Daily life would quickly normalize. Work might run from 3.33 to 6.67. Lunch happens at 5.00. Once learned, the system is arguably more intuitive than our current one.

What about weeks, months, and years?

A base-10 calendar organizes the year using metric logic while preserving the familiar seven-day work week. The year is divided into ten equal months of 36 days each, creating a clean 360-day structure that aligns naturally with decimal counting. Each month contains five full weeks plus one additional day that sits outside the weekly cycle, so weekdays never shift. The remaining five days of the solar year (six in leap years) are placed at the end of the year as non-week, non-work observance days.

The Decimal Year

• 10 months per year

• 36 days per month

• Total:10 × 36 = 360 days

Year-End Adjustment Days

• The solar year ≈ 365.2422 days

• Add 5 or 6 non-week days at the end of the year

These days:

• Belong to no week

• Belong to no month

• They function like holidays or observance days.

Each Month has:

• 36 days

• Structured as 5 full weeks + 1 extra day

  • 5 weeks × 7 days = 35 days

  • Day 36 = a month-end rest day

Key Feature:

• The first day of every month always starts on the same weekday

• The 36th day is outside the week, preventing weekday drift

This makes scheduling extremely predictable.

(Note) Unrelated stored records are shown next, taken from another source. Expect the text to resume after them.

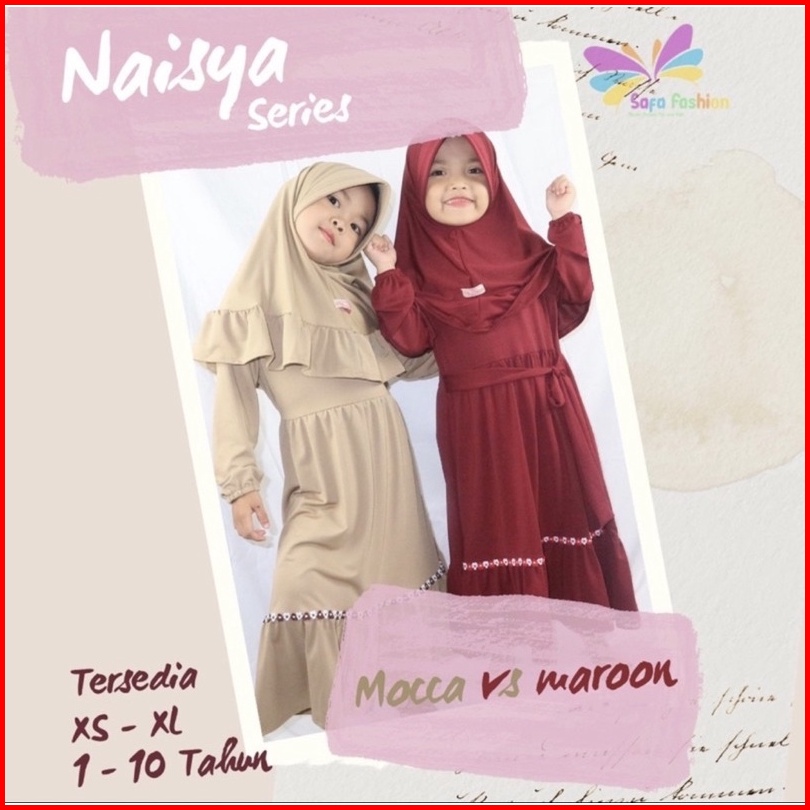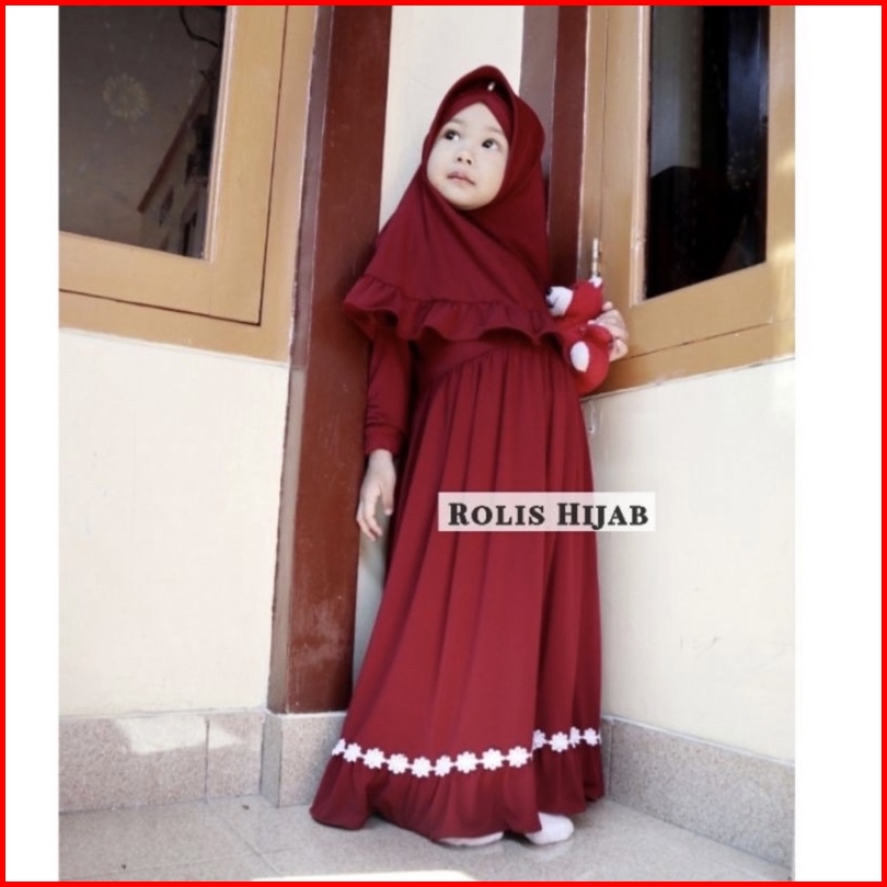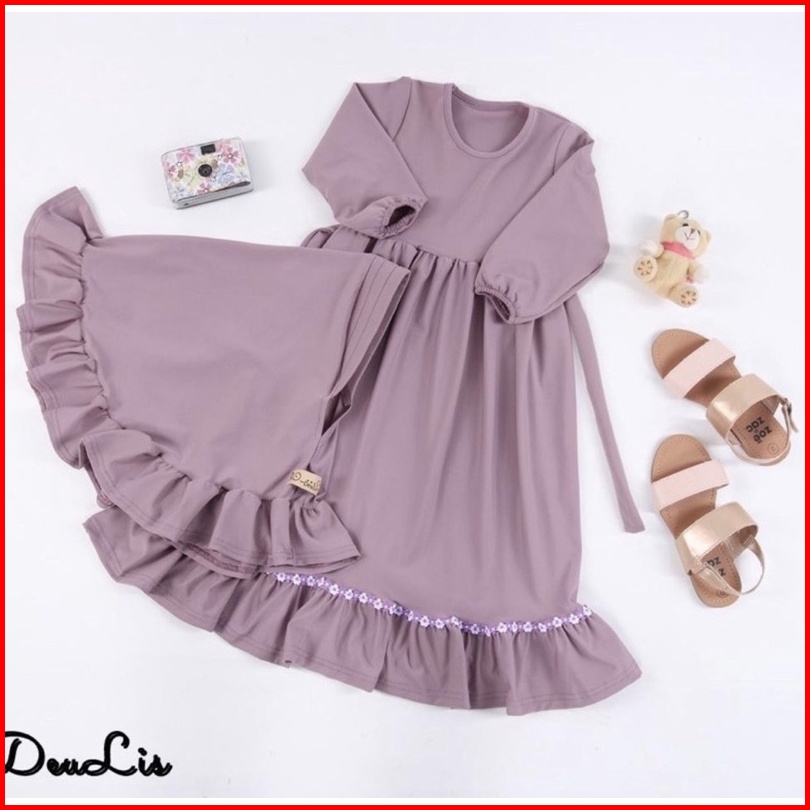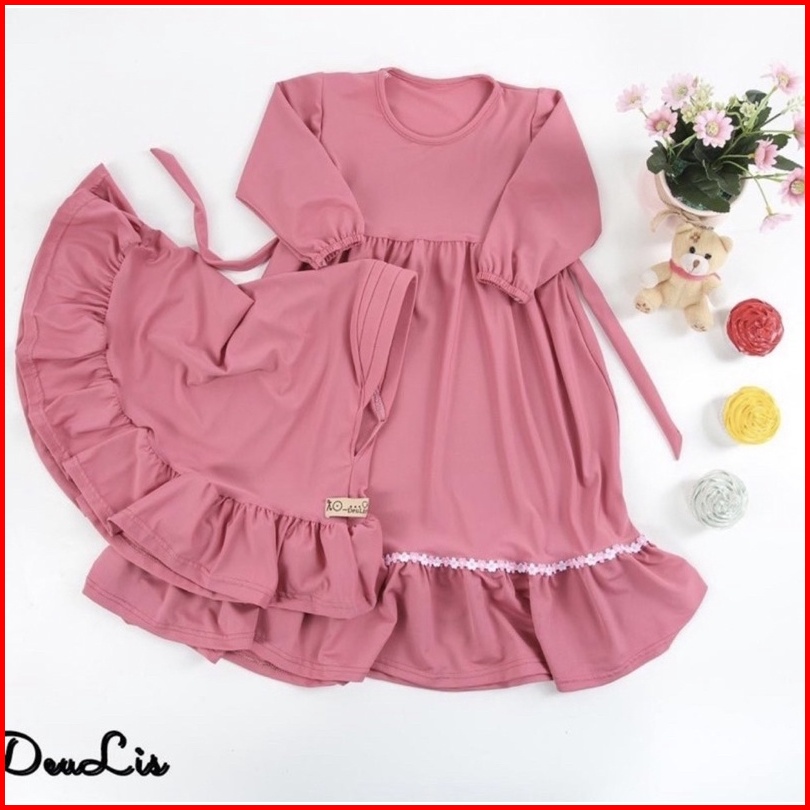 Gamis Anak Jilbab Pakaian Muslim Anak Perempuan Danisha 1thn-14thn Size S-xxl Bahan Jersy Plus Jilbab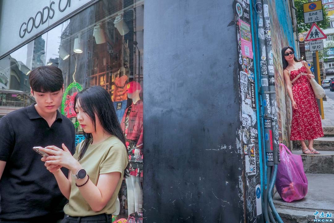 香港最大型街頭藝術節— HKwalls 每年在香港藝術3月舉行,多年來 HKwalls 的足跡遍佈中上環、灣仔、黃竹坑等地區,吸引不少人去打卡。HKwalls 2025年踏入10週年,今年在3月22日至30日一連九日,邀請到14位來自歐洲、大洋洲及亞洲的海外藝術家,聯同6位中國內地藝術家及10位香港本地藝術家帶來全新街頭壁畫創作,把港島西區大街小巷變成他們的巨型畫布,為城市景觀添上趣味及濃厚藝術氛圍。圖為3月28日韓國遊客在街頭感受香港藝術3月氣氛。 (香港中通社記者 洪少葵攝)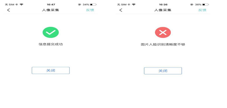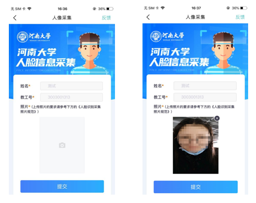 4、显示上传结果;如显示“未检测到人脸”,请上传显示您人脸的清晰照片;如显示“图片人脸识别清晰度不够”,请在光线充足的位置拍摄。照片可选择自拍也可选择上传,系统会自动检测照片是否符合人脸识别标准,如不符合会提示图片检测失败的原因。如有其它问题,请与信息中心人员联系,如照片库中没有照片将直接上传;如照片库中有照片,则会替换原照片,更新为您最新上传的照片。截图如下: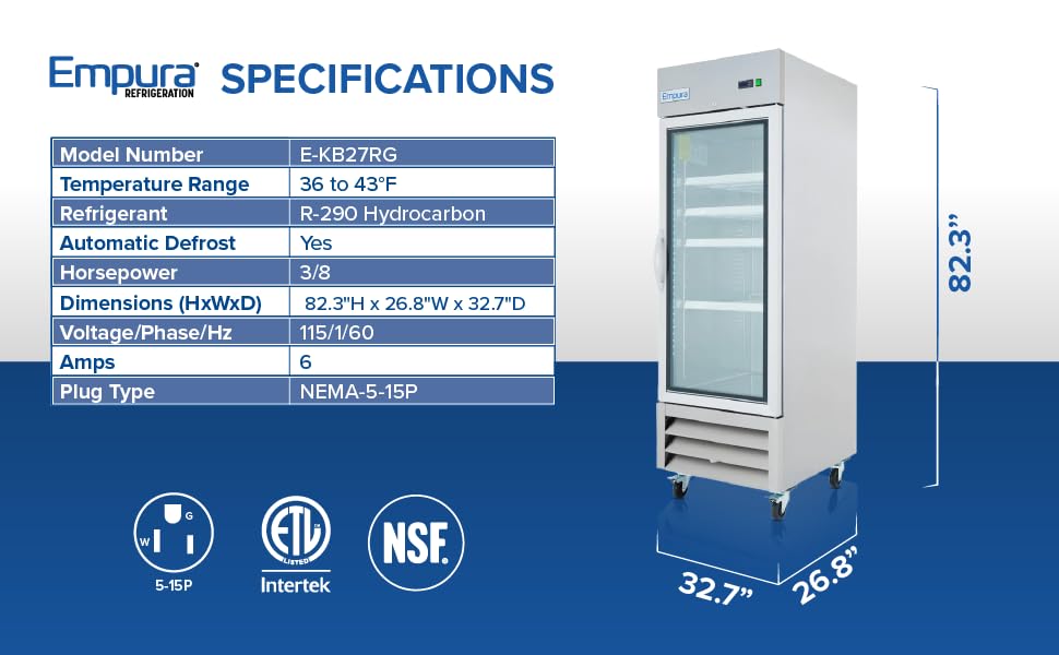 USER-FRIENDLY CONTROLS: Equipped with an electronic thermostat and a digital LED temperature display for straightforward, accurate temperature control. The intuitive interface allows users to easily monitor and adjust settings, ensuring optimal performance and compliance with specific cooling requirements.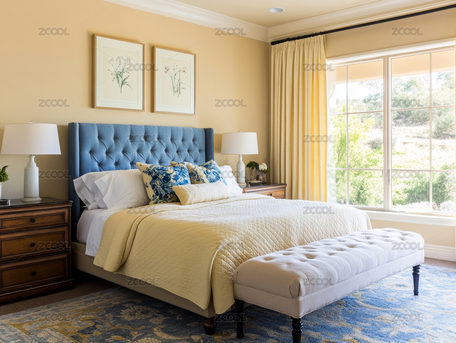卧室,豪华,现代,床,头板,灯具,地毯,窗帘,阳台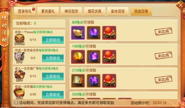 活動說明:活動期間,完成項目即可獲得嗨點,滿足嗨點條件即可領取超值獎勵!

This design keeps work schedules stable, simplifies planning and arithmetic, and brings calendar time into harmony with the metric system without adding workdays.

Closing thought

Base-10 time is not a radical fantasy, it’s a coherent alternative that aligns better with how we already teach math and science. The real obstacle has never been feasibility, only familiarity. Asking why we don’t use it is exactly the right kind of question, because it reminds us that many “natural” systems are simply historical choices, and that better ones are always worth imagining.